28 March 2010

CSI: Crime Scene Investigation (in the Pliocene)

Four million years ago a Pliocene dolphin Astadelphis gastaldii died. Its skeleton was recovered, then stored in an Italian museum where it lied unstudied for more than a century... until some researchers decided to have a deep look at it. The result was amazing.

Carved into the old dolphin bones, researcher Giovanni Bianucci and his colleagues from the University of Pisa, Italy, found visible shark bite marks. By carefully studying the morphology and disposition of the tooth marks, the authors managed to attribute the bites to the predation of a single shark, most likely a Cosmopolitodus hastalis.

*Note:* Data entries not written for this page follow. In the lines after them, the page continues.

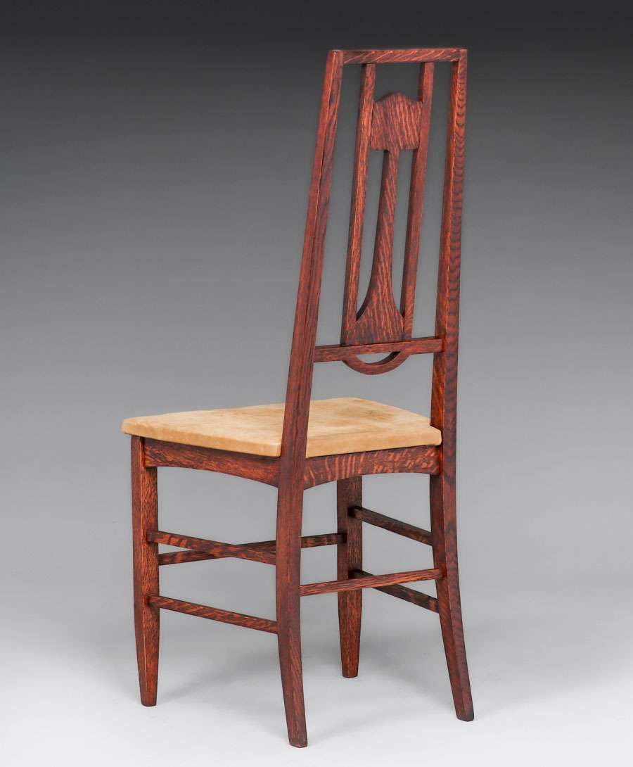 Early Stickley Brothers Inlaid Side Chair c1901. This is a very rare early example of the influence on early Stickley Brothers by C.F.A. Voysey. Unsigned. Nicely refinished. Very sturdy. 41.5"h x 17.5"w x 15.5"d SOLD
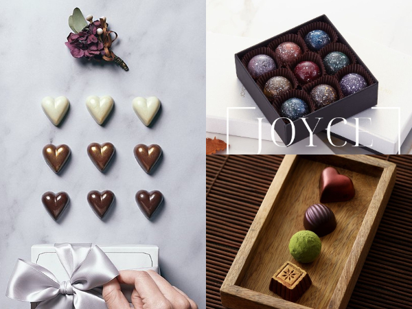 「JOYCE」職人手工巧克力,特別使用食材原料,提供多樣比例%數的巧克力製品,不論是生巧克力、造型巧克力、星球巧克力,都能吃到巧克力不同的風味。加上精緻禮盒,是情人節送禮的選擇之一!
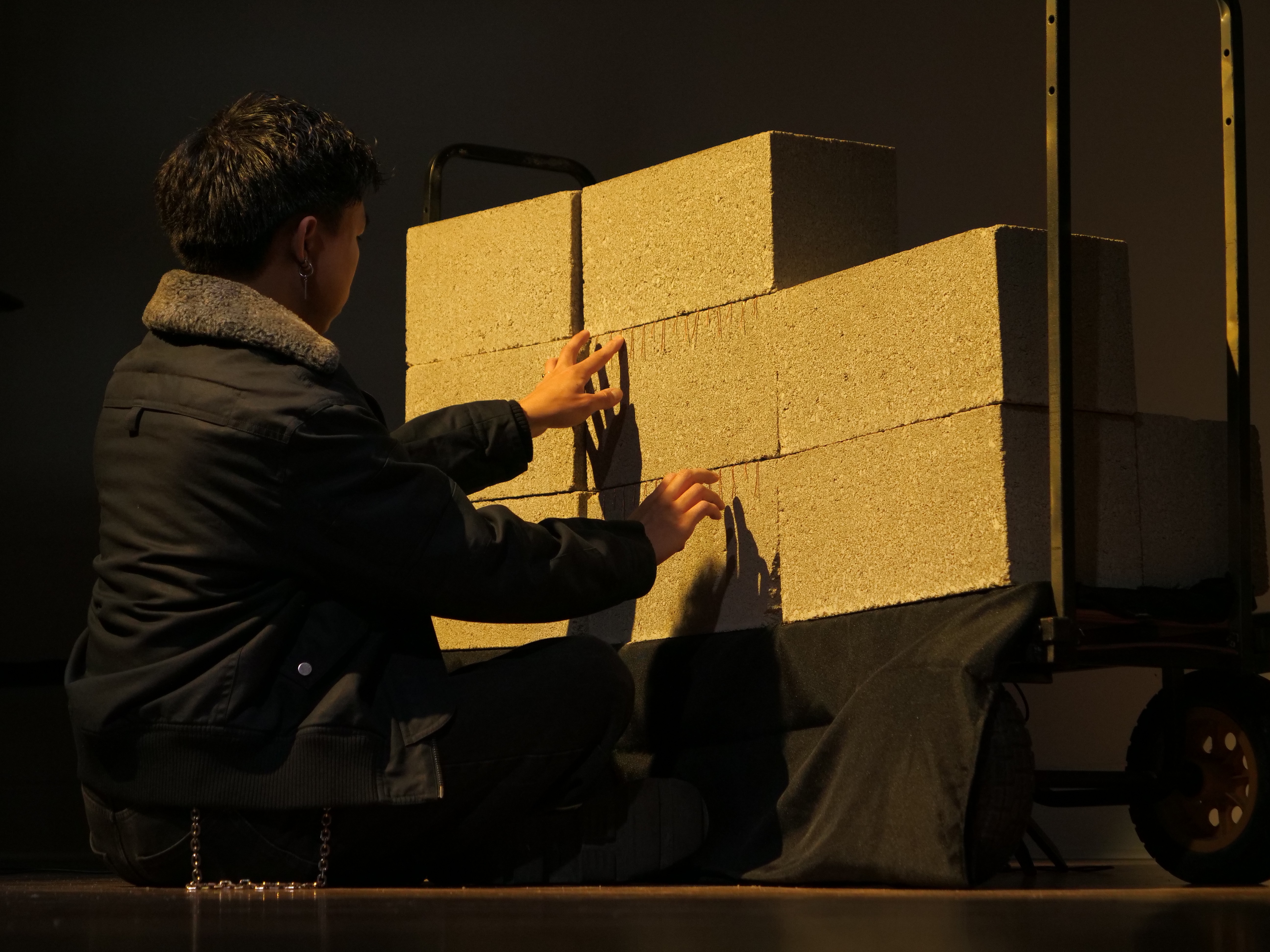 A performance inspired by the story of a pianist who trained his muscle memory on the walls of his prison cell. Performed with a brick wall retrofitted with 30 capacitive-sensing wires, which sends MIDI to the Disklavier via a Trill board and a Teensy.
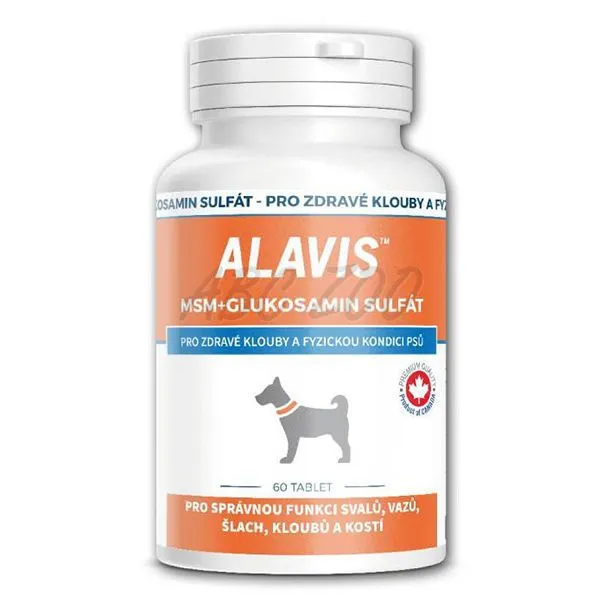 ALAVIS MSM Glukosamin sulfát - Pre správnu funkciu väzov, šliach, kĺbov a kostí. Vhodné najmä na podávanie mladým psom a psom malých plemien, 60tbl.
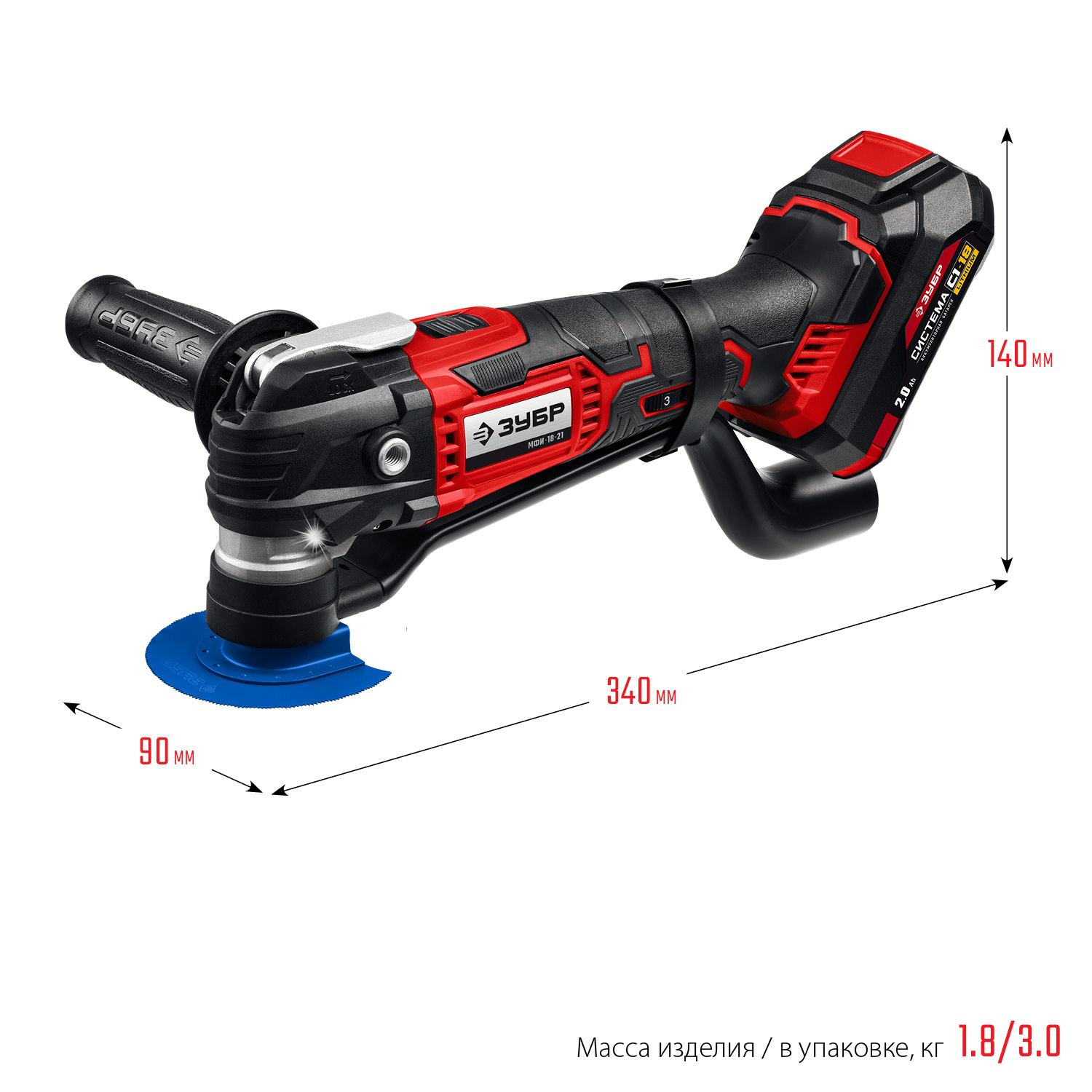 - Батарея емкостью 2.0 Ач в комплекте для длительной работы

Then Bianucci and colleagues reconstructed what probably happened during the attack:
"… the shark attached from below, biting into the abdomen. Caught in the powerful bite, the dolphin would have struggled, and the shark probably detached a big amount of flesh by shaking its body from side to side. The bite would have caused severe damage and intense blood loss, because of the dense network of nerves, blood vessels and vital organs in this area. Then, already dead or in a state of shock, the dolphin rolled onto its back, and the shark bit again, close to the fleshy dorsal fin".
This study reveals how much can be inferred from skeletal remains, and offers a glimpse on ancient animal behaviour.

Silvia Bonizzoni

Drawing: Attack sequence as hypothesized by Bianucci et al.
A) the shark approached the prey; B) the shark bitted the abdomen of the dolphin; C) the dolphin, mortally injured, rolled to the left and the shark bitted adjacent to dorsal fin area.

For more information:

Bianucci G., Sorce B., Storai T., Landini W. 2010. Killing in the Pliocene: shark attack on a dolphin from Italy. Palaeontology 53(2):457–470.
Abstract - Shark bite marks, including striae, sulci and abrasions, in a well-preserved fossil dolphin skeleton referred to Astadelphis gastaldii (Cetacea, Delphinidae) from Pliocene sediments of Piedmont (northern Italy), are described in detail. The exceptional combination of a fossil dolphin having a significant part of the skeleton preserved and a large number of bite marks on the bones represents one of the few detailed documentations of shark attack in the past. Most bite marks have been referred to a shark about 4 m long with unserrated teeth, belonging to Cosmopolitodus hastalis, on the basis of their shape and their general disposition on the dolphin skeleton. According to our hypothesis, the shark attacked the dolphin with an initial mortal bite to the abdomen from the rear and right, in a similar way as observed for the living white shark when attacking pinnipeds. A second, less strong, bite was given on the dorsal area when the dolphin, mortally injured, probably rolled to the left. The shark probably released the prey, dead or dying, and other sharks or fishes probably scavenged the torn body of the dolphin.